Among the many companies relying on Watson for their own AI operations is Equals 3, which uses Watson to power Lucy—its cognitive companion for marketing professionals. Lucy uses several IBM Watson services, including Retrieve and Rank, Natural Language Classifier, Personality Insights and Tradeoff Analytics. Lucy can comprehend vast amounts of structured and unstructured marketing data and provide detailed answers in seconds.
"Lucy solves the data-overload problem marketers and agencies have been grappling with for years: accessing the appropriate data at the right time," said Scott Litman, co-founder of Equals 3, in a statement.
"The fact that Lucy can accomplish in one day what has previously taken months to do is a complete paradigm shift, and her ability to enhance what marketers can do is really made possible thanks to the cognitive computing capabilities of IBM Watson," Litman said.
Watson Not for Everybody
However, despite there being more than 80,000 developers using the Watson Developer Cloud, IBM's cognitive system is not a match for everybody.
Rob May, CEO of Talla, which markets an AI-powered virtual assistant akin to Apple's Siri, but aimed at business professionals, said Watson was simply not a fit for Talla.
"We do a lot of natural language processing and we have a cognitive computing approach to a lot of what we're doing," May said. "We tried Watson in the beginning and it really just wasn't a very good fit for us."
May said there are a lot of pros and cons to Watson. Among the pros are that IBM is clearly committed to it, the Watson resources will be available long term and they offer a lot of different functionality.
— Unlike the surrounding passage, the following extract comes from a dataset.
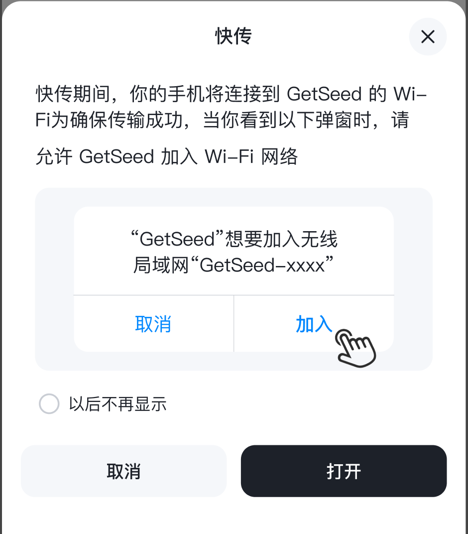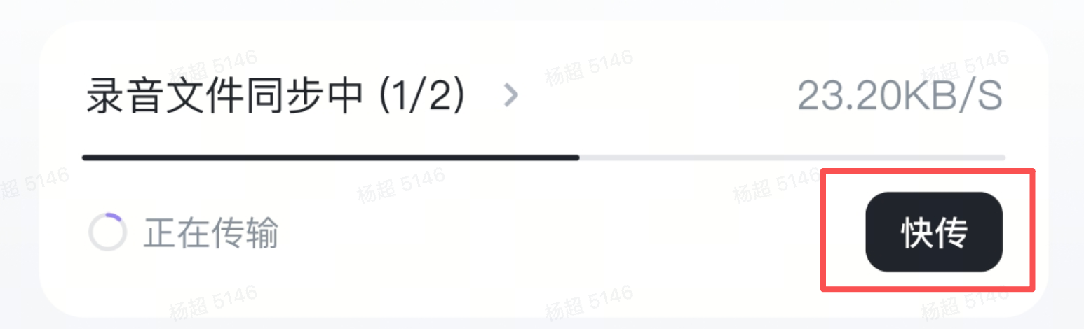 - WiFi 快传方式传输,录音文件传输中,点击 快传 按钮,加入设备无线局域网,可以更快传输速度进行录音文件上传
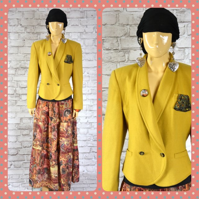 Cudny musztardowy wełniany żakiet z kieszeniami, bardzo ładnie skrojony, delikatnie taliowany, zapinany na logowane guziki, przy mankietach również posiada guziczki, żakiet jako ozdobę posiada po jednej stronie wszytą wzorzystą butonierkę, po drugiej stronie ozdobna broszka z printem drzewa.Posiada podszewkę,a w ramionach poduszki.

But on the down side, said May, a lot of Watson "is maybe more marketing hype than substance in some ways. It definitely does some stuff, but some of the functionality is pretty limited and it's really not set up well for small companies to build products on top of. It seemed like a lot of the Watson functionalities that are set up are targeted at larger IBM customers, which would make sense."
In particular, he believes Watson seems targeted at existing customers that have large data stores that are appropriate for cognitive computing, or some kind of analysis that can't be readily performed with common, existing algorithms.
Rather than use Watson, Talla used a series of open-source components and wrote a lot of its own cognitive code.
"IBM has tried to get companies like us to build on top of their platform, but I just don't think it's ready yet," May said. "It's not flexible enough; it's not easy enough to get started."
Yet, IBM has sponsored a number of Watson-related hackathons and developer competitions where small startups have successfully used the services to launch new apps.
Moreover, IBM's recent deal with Twilio to integrate Watson services with the Twilio communications platform not only opens Watson up to the more than one million developers in Twilio's developer community, but it only takes two minutes to integrate the cognitive services with Twilio, said Patrick Malatack, vice president of product management at Twilio.
Right now, IBM is doing more than its competitors to encourage developers to learn how to create cognitive applications, Pund-IT's King said.
"I can't think of another vendor among IBM's direct competitors that is supporting similar developer-oriented efforts to anything like the same degree," said King.
"That said, companies including Apple, Google and Microsoft have created powerful solutions supporting natural speech and machine learning functions. Google and Microsoft also have proactive, innovative efforts aimed at increasing developer activities around those platforms."